On le fait d'ailleurs durant trois jours à une semaine, selon l'inspecteur en bâtiment Guy Lévesque de Saint-Augustin-de-Desmaures, sur les dalles et planchers des édifices en hauteur et des immeubles d'habitations. On ne peut courir le risque d'un béton mal charpenté. Puisque, tôt ou tard, il peut mettre en péril l'intégrité même des bâtiments.

Enfin, selon Holcim Canada, la vitesse de durcissement et de maturation du béton dépend de la nature même du ciment, de la température ambiante, de la présence ou non d'accélérateurs. Un ingénieur peut, par exemple, recommander un démoulage tardif.

Gel fatal

Finalement, un béton gelé est un béton mort. Le gel interrompt fatalement la prise. C'est radical. S'il gèle après deux jours, sa résistance sera celle d'un béton qui aura mûri deux jours. Par grand froid, on devra isoler le coffrage. Cependant qu'on couvrira une semelle (footing) ou une dalle de laine isolante.

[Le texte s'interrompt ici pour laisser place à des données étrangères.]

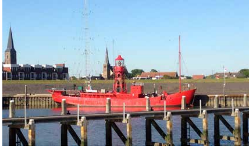
Lichtschip Jenni Baynton ligt aan de kade in Harlingen

gebouwd, in opdracht van Trinity House, de Engelse Rijkswaterstaat. Het deed 40 jaar lang dienst als drijvende vuurtoren in de monding van de Theems. Duizenden schepen wist ze in weer en wind veilig langs de gevaarlijke zandbanken voor de Engelse kust te brengen. De ogenschijnlijk onoverwoestbare Jenni Baynton eindigde als discotheek Barocca in Rotterdam en werd vervolgens jammerlijk verwaarloosd. Omdat het niet meer aan de brandeisen voldeed, wilde de eigenaar er vanaf.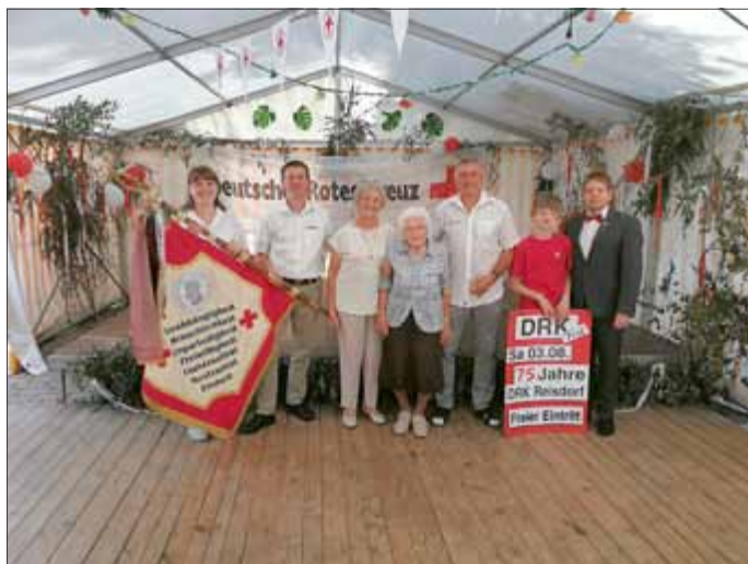
Treffen der Generationen, in der Mitte, die beiden DRK Gründungsmitglieder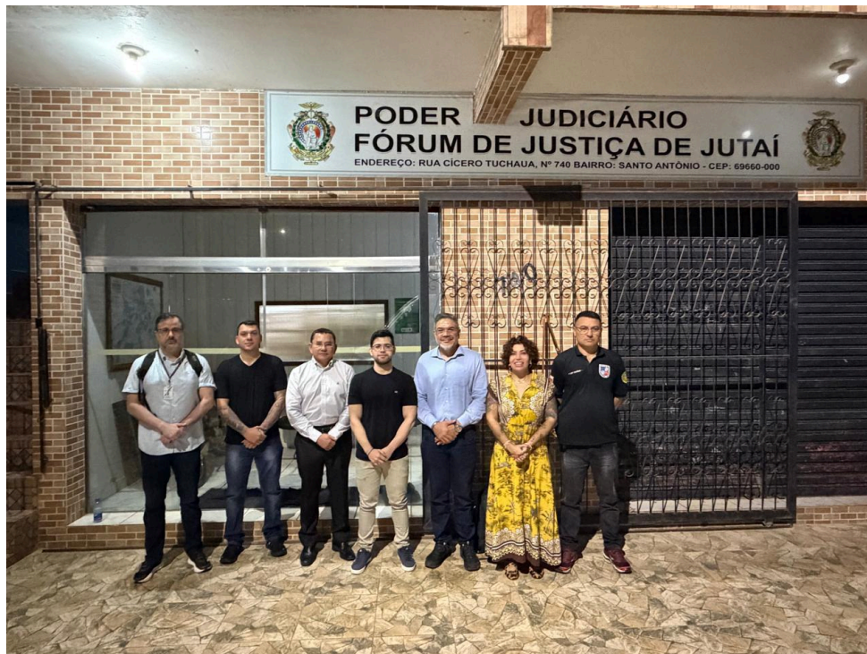
Correição realizada na Vara Única da Comarca de Jutai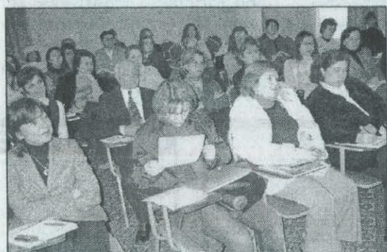
Grand Yükseliş Oteli'ndeki seminere ilimiz eczacıları büyük ilgi gösterdi.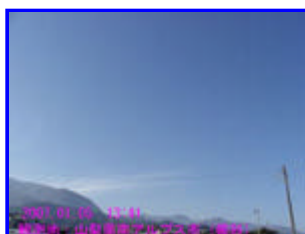
3 13:41 西北西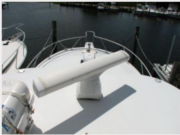
Deck 3 - View Forward From Tower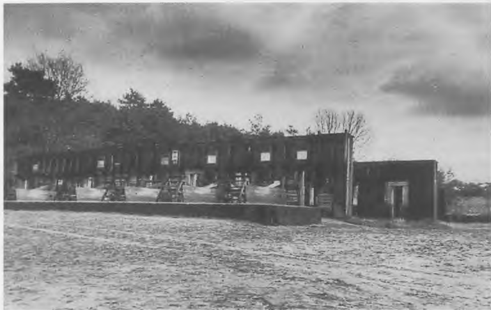
De 200 meter poortschietbaan

en buiten de Rijksgrenzen gestationeerd 4) . Behalve het opleiden van personeel kregen deze eenheden als nevenopdracht beveiligings- en bezettingstaken te vervullen. In Harderwijk leidde het besluit tot de komst van het 'Ile Ersatz- und Ausbildungsbataillon Hermann Göring' ('II./E.u.A.Btl. H.G') dat o.a. op de W.G.F. Kazerne onderdak vond. Op de Oranje Nassaukazerne werd de 'Artillerie und Flak Kompanie' van de Kriegsmarine gestationeerd. Marinepersoneel kreeg in deze compagnie een opleiding voor luchtverdedigingstaken aan boord van schepen of aan de wal. Hoewel het in Amsterdam gestationeerde 'Luftgaukommando' in Ermelo en Harderwijk de grootste gebruiker was van de militaire ac-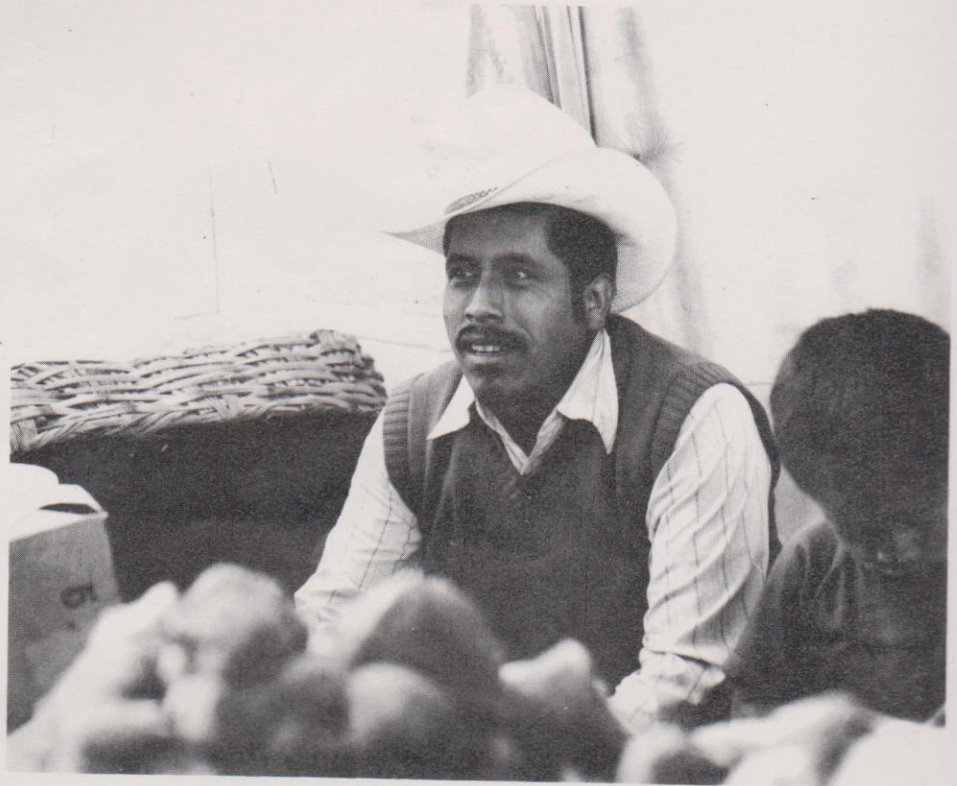
Algunos comerciantes, en especial los de Comalapa, Chimaltenango, van de feria en feria.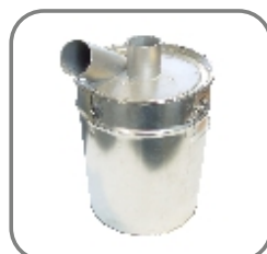
814-ET-105 Vorabscheider 30L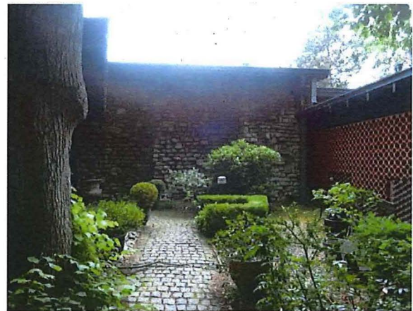
Foto 9: Voortuinaanleg en toegangspad tot de voordeur, zicht naar de noordgevel van de living.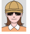
サングラスをかけ人物を特定できないもの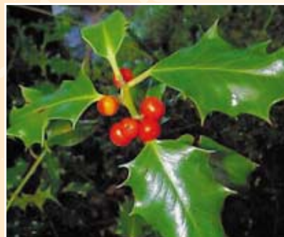
Božikovina - Ilex aquifolium L.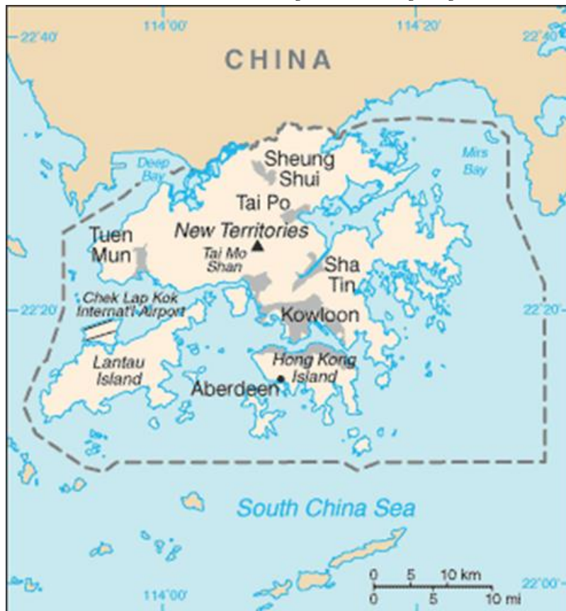
Gambar 2. Peta Negara Hong Kong.

Hong Kong memiliki luas wilayah sebesar 1.104 km 2 yang terdiri dari 18 distrik yang mana dari seluruh kota di Hong Kong tersebar PMI yang berasal dari Indonesia. Negara Hong Kong menjadi negara tujuan yang sering dipilih oleh PMI asal negara Indonesia (Viva Budy Kusnandar, 2022).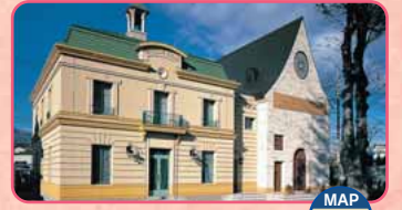
Japan Chanson Hall MAP Centro Shibukawa

In questo piccolo museo al centro della città, i visitatori possono osservare, toccare e comprendere le opere esposte. Apertura: 10:00-18:00 TEL.0279-25-3215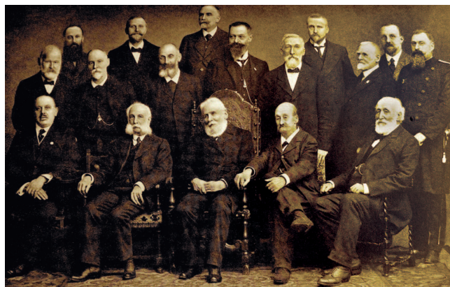
Ces messieurs de La Genevoise en 1915

À la Genevoise, 150 1865 2015 il y a 150 ans... Club Alpin Suisse Section Genevoise

Après sept jours, on estime que le béton a atteint 40 % à 60 % de sa résistance finale. Après 28 jours, de 60 % à 80 %. Ensuite, il continue lentement sa maturation. Il est même réputé ne jamais cesser de le faire. D'où son renom de matériau vivant.

(*) MPa pour mégapascal. Il s'agit d'une unité de mesure de la force du béton ou de toute autre matière solide. Elle est concordante à une contrainte perpendiculaire qui porte sur une surface plane d'un mètre carré. C'est sa capacité de résister à la compression.